(Stored items)
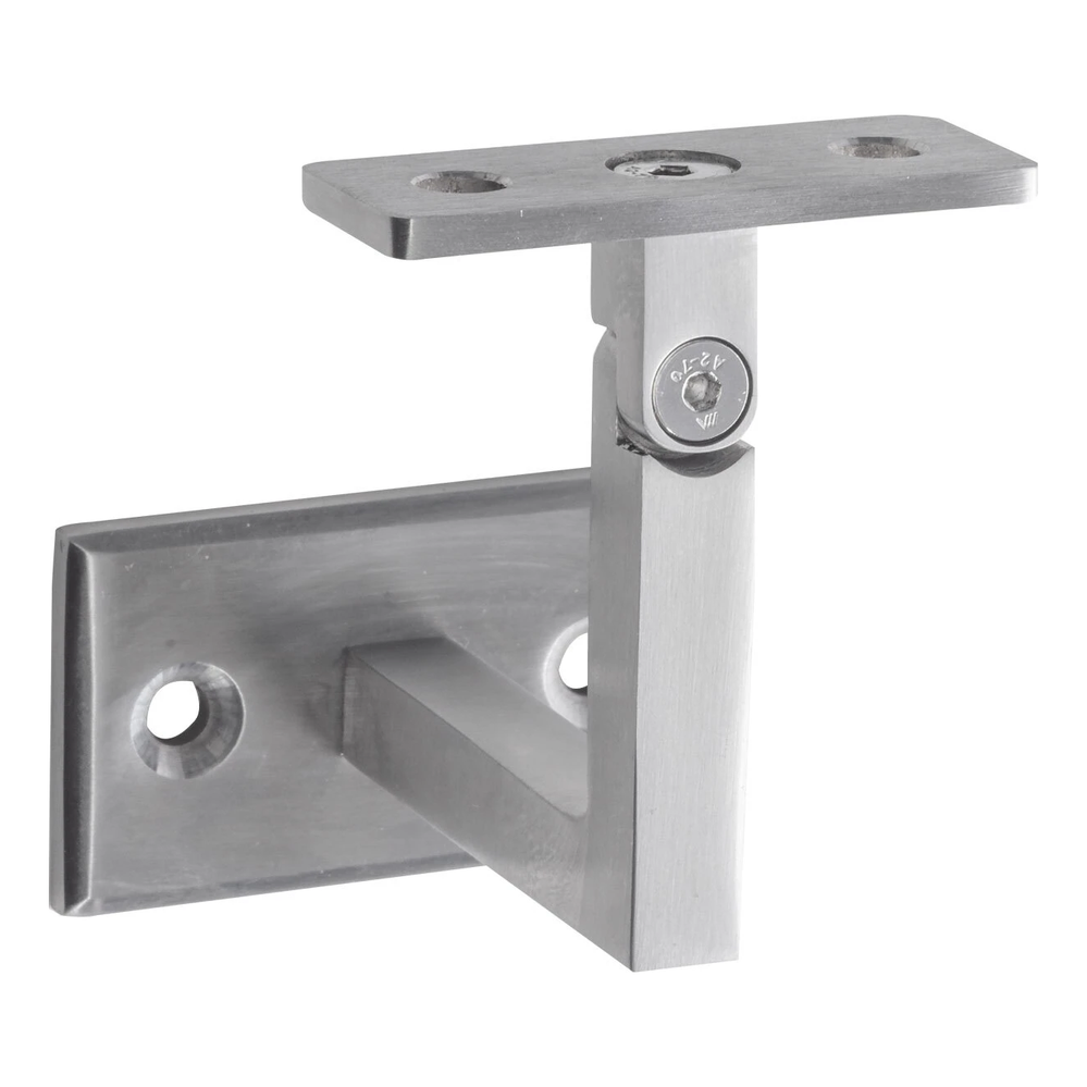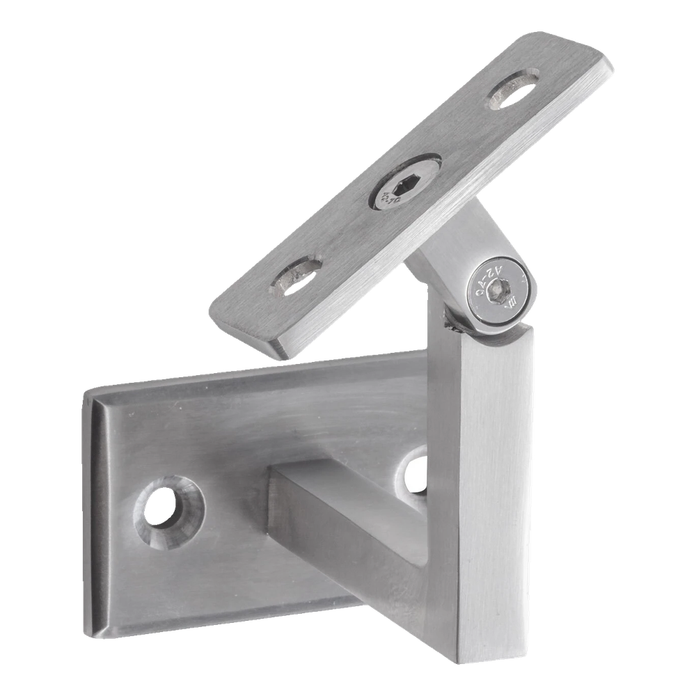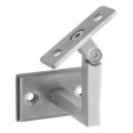 Gelenkiger Handlaufhalter zur Wandmontage für professionelle Geländersysteme aus Edelstahl mit satinierter Oberfläche. Dank des verstellbaren Gelenks der oberen Montageplatte ermöglicht der Halter eine stufenlose Regulierung des Handlaufneigungswinkels — eine unverzichtbare Lösung bei der Montage von Treppengeländern, bei denen der Steigungswinkel der Treppe eine präzise Anpassung erfordert.
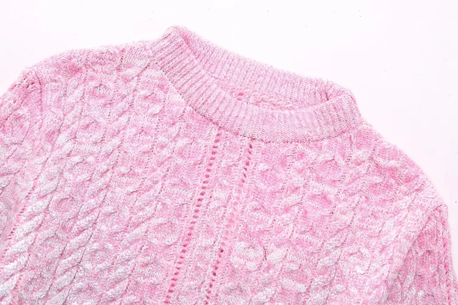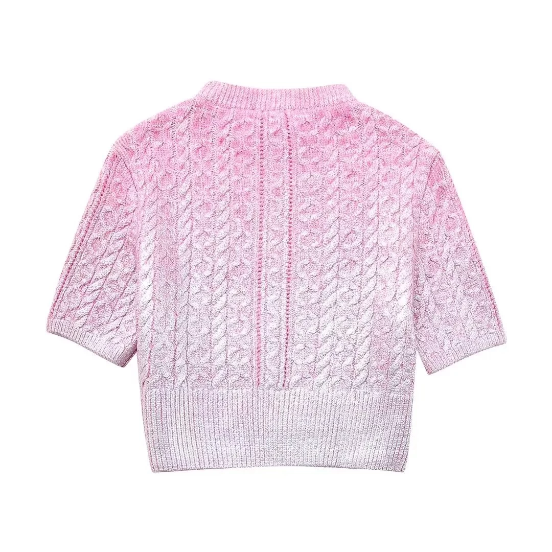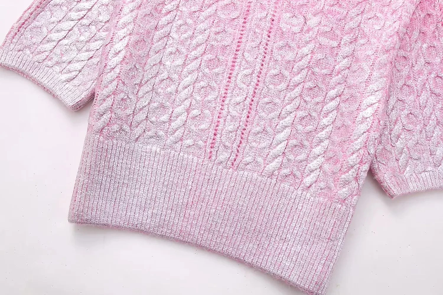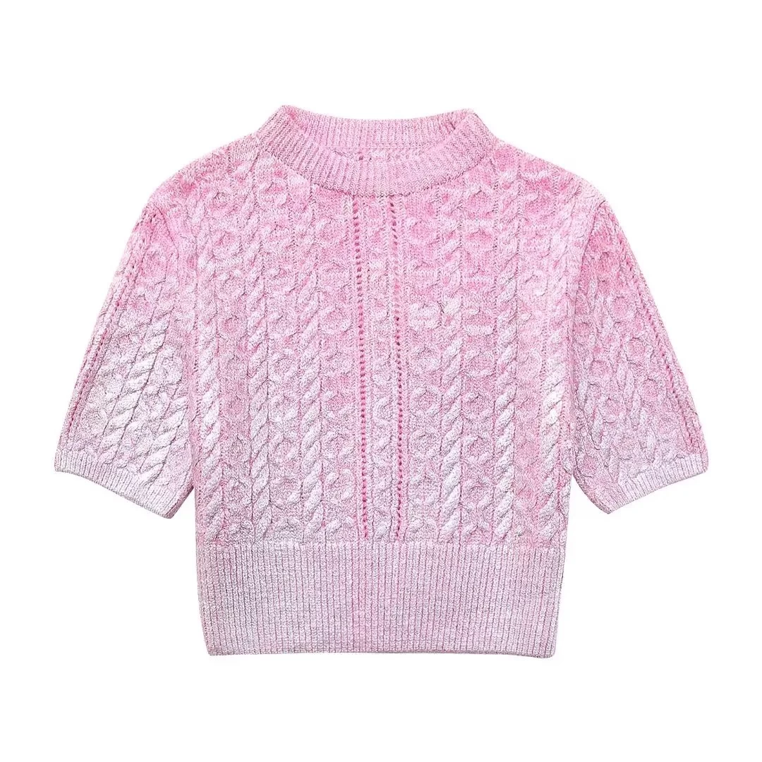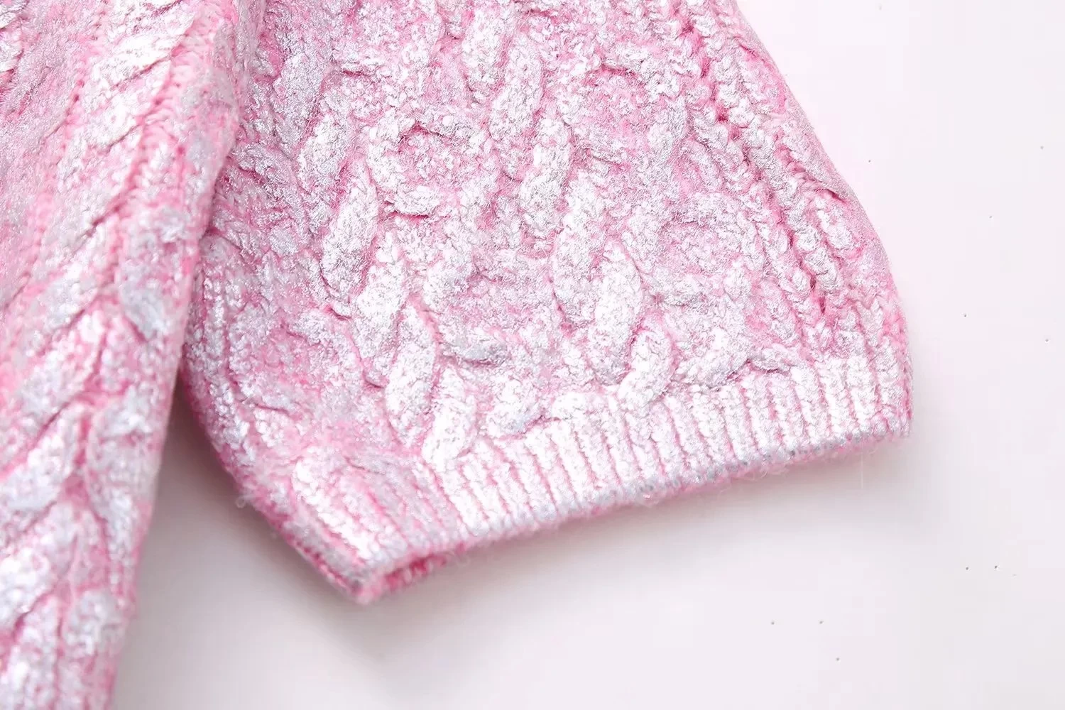 Womens Eight-length Metallic Pink Sweetheart Knit Round Neck Jumper
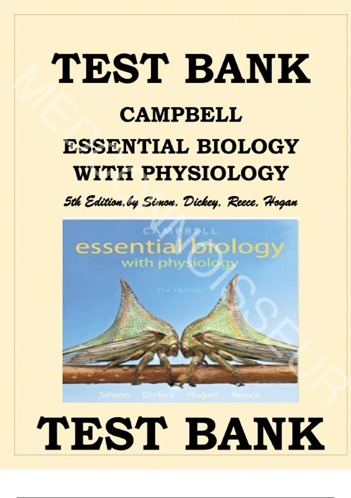 This document contains the complete test bank for Campbell Essential Biology with Physiology (5th Edition) by Simon, Dickey, Reece, and Hogan. It features hundreds of multiple-choice questions organized by chapter and unit, with correct answers provided. Topics include cell biology, genetics, evolution, ecology, and physiology, making it ideal for introductory biology courses in college or high school. This resource is aligned with the textbook structure and supports exam preparation, quizzes, and concept reinforcement.
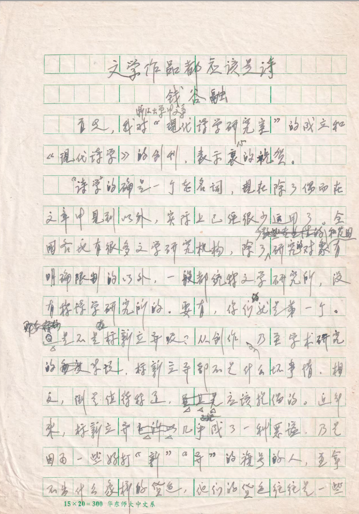 钱谷融先生《文学作品都应该是诗》手稿第一页
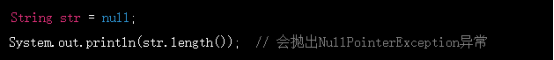 在上述示例中,str被賦值為null,而在下一行代碼中嘗試訪問它的length()方法,由于str為null,就會(huì)拋出空指針異常。
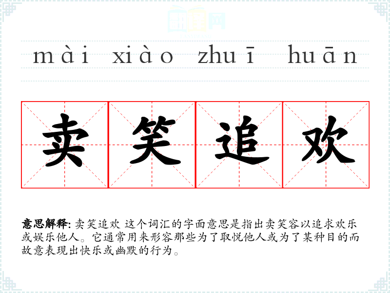 卖笑追欢 这个词汇的字面意思是指出卖笑容以追求欢乐或娱乐他人。它通常用来形容那些为了取悦他人或为了某种目的而故意表现出快乐或幽默的行为。
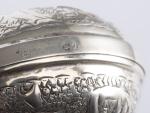 - 2 bougeoirs en argent ronds qui se fermes en forme de boîte ronde, à décor de caractère hébraïque en argent repoussé. H. 3.2x6 cm
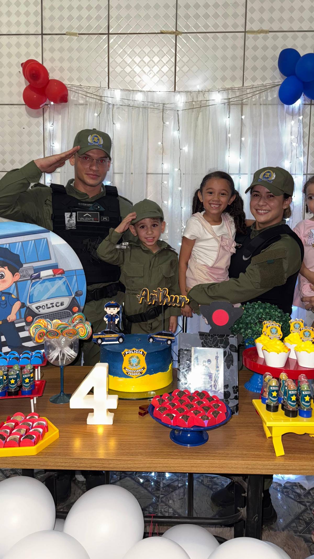Com o tema policial escolhido para a comemoração, os pais, Lucas Breno e Iara Santos, moradores do bairro Ilhotas, zona Sul da capital, pediram à PM que participasse da festa. Quando a viatura chegou, Arthur correu até os policiais e foi recebido nos braços de uma policial feminina, em um momento que emocionou toda a família.
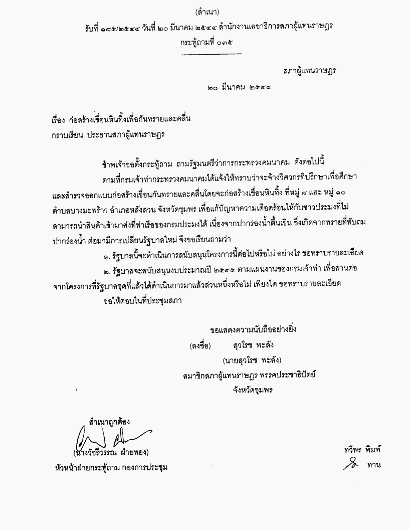 กระทู้ถาม ที่ 035 เรื่อง ก่อสร้างเขื่อนหินทิ้งเพื่อกันทรายและคลื่นนายสุวโรช พะลัง เป็นผู้ตั้งกระทู้ถาม ถามรัฐมนตรีว่าการกระทรวงคมนาคม |
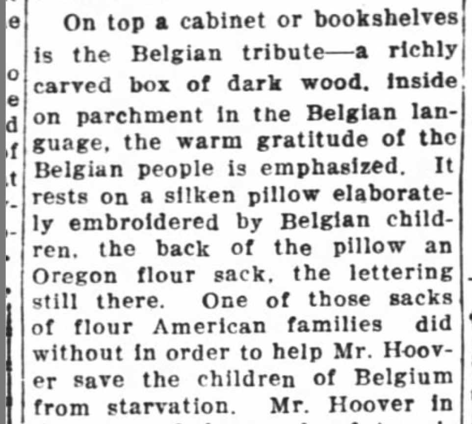 Na het uitbreken van de oorlog zamelden de Amerikaanse en Canadese bevolking hulp in voor de Belgische bevolking, daardoor bereikten duizenden kilo’s tarwemeel verpakt in handzame zakken in de eerste oorlogswinter hongerige vrouwen, mannen en kinderen.
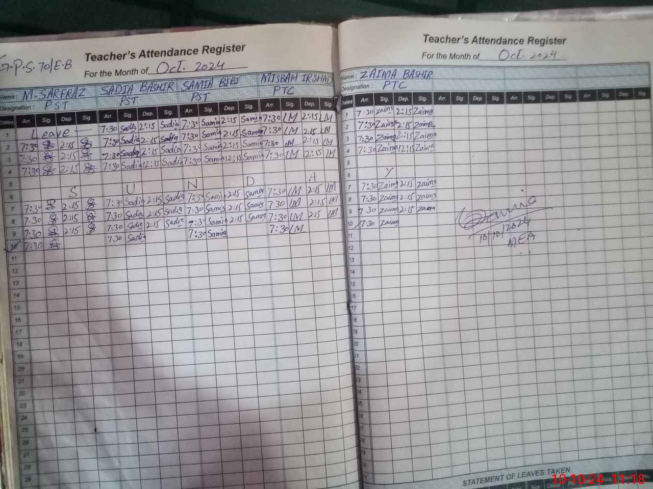 | Name: MU**** SA**** Designation: (School Headmaster's/Headmistress's) PST Phone/Cell Number: 03**** |
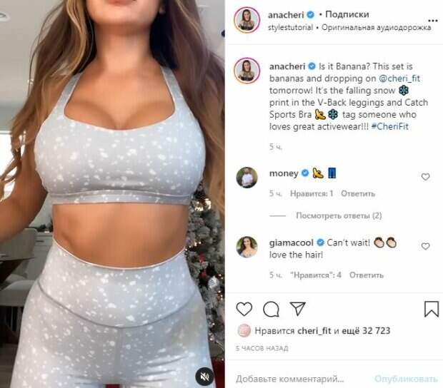 Известная фитнес-модель Ана Чери показала себя, хвастаясь новым образом На кадрах красотка позирует в топе и штанах. Чери Оставила волосы распущенными, а стояла рядом с рождественской елкой. Красотка сначала показала на камеру пятую точку, а после этого и упругую грудь. Видео получилось очень интересным и соблазнительным.

#### INSTRUCTIONS TO FOLLOW
Except for the pictures, set down each line of the records exactly as it appears.

#### WRITTEN SOLUTION
 Gelenkiger Handlaufhalter zur Wandmontage für professionelle Geländersysteme aus Edelstahl mit satinierter Oberfläche. Dank des verstellbaren Gelenks der oberen Montageplatte ermöglicht der Halter eine stufenlose Regulierung des Handlaufneigungswinkels — eine unverzichtbare Lösung bei der Montage von Treppengeländern, bei denen der Steigungswinkel der Treppe eine präzise Anpassung erfordert.
 Womens Eight-length Metallic Pink Sweetheart Knit Round Neck Jumper
 This document contains the complete test bank for Campbell Essential Biology with Physiology (5th Edition) by Simon, Dickey, Reece, and Hogan. It features hundreds of multiple-choice questions organized by chapter and unit, with correct answers provided. Topics include cell biology, genetics, evolution, ecology, and physiology, making it ideal for introductory biology courses in college or high school. This resource is aligned with the textbook structure and supports exam preparation, quizzes, and concept reinforcement.
 钱谷融先生《文学作品都应该是诗》手稿第一页
 在上述示例中,str被賦值為null,而在下一行代碼中嘗試訪問它的length()方法,由于str為null,就會(huì)拋出空指針異常。
 卖笑追欢 这个词汇的字面意思是指出卖笑容以追求欢乐或娱乐他人。它通常用来形容那些为了取悦他人或为了某种目的而故意表现出快乐或幽默的行为。
 - 2 bougeoirs en argent ronds qui se fermes en forme de boîte ronde, à décor de caractère hébraïque en argent repoussé. H. 3.2x6 cm
Com o tema policial escolhido para a comemoração, os pais, Lucas Breno e Iara Santos, moradores do bairro Ilhotas, zona Sul da capital, pediram à PM que participasse da festa. Quando a viatura chegou, Arthur correu até os policiais e foi recebido nos braços de uma policial feminina, em um momento que emocionou toda a família.
 กระทู้ถาม ที่ 035 เรื่อง ก่อสร้างเขื่อนหินทิ้งเพื่อกันทรายและคลื่นนายสุวโรช พะลัง เป็นผู้ตั้งกระทู้ถาม ถามรัฐมนตรีว่าการกระทรวงคมนาคม |
 Na het uitbreken van de oorlog zamelden de Amerikaanse en Canadese bevolking hulp in voor de Belgische bevolking, daardoor bereikten duizenden kilo’s tarwemeel verpakt in handzame zakken in de eerste oorlogswinter hongerige vrouwen, mannen en kinderen.
 | Name: MU**** SA**** Designation: (School Headmaster's/Headmistress's) PST Phone/Cell Number: 03**** |
 Известная фитнес-модель Ана Чери показала себя, хвастаясь новым образом На кадрах красотка позирует в топе и штанах. Чери Оставила волосы распущенными, а стояла рядом с рождественской елкой. Красотка сначала показала на камеру пятую точку, а после этого и упругую грудь. Видео получилось очень интересным и соблазнительным.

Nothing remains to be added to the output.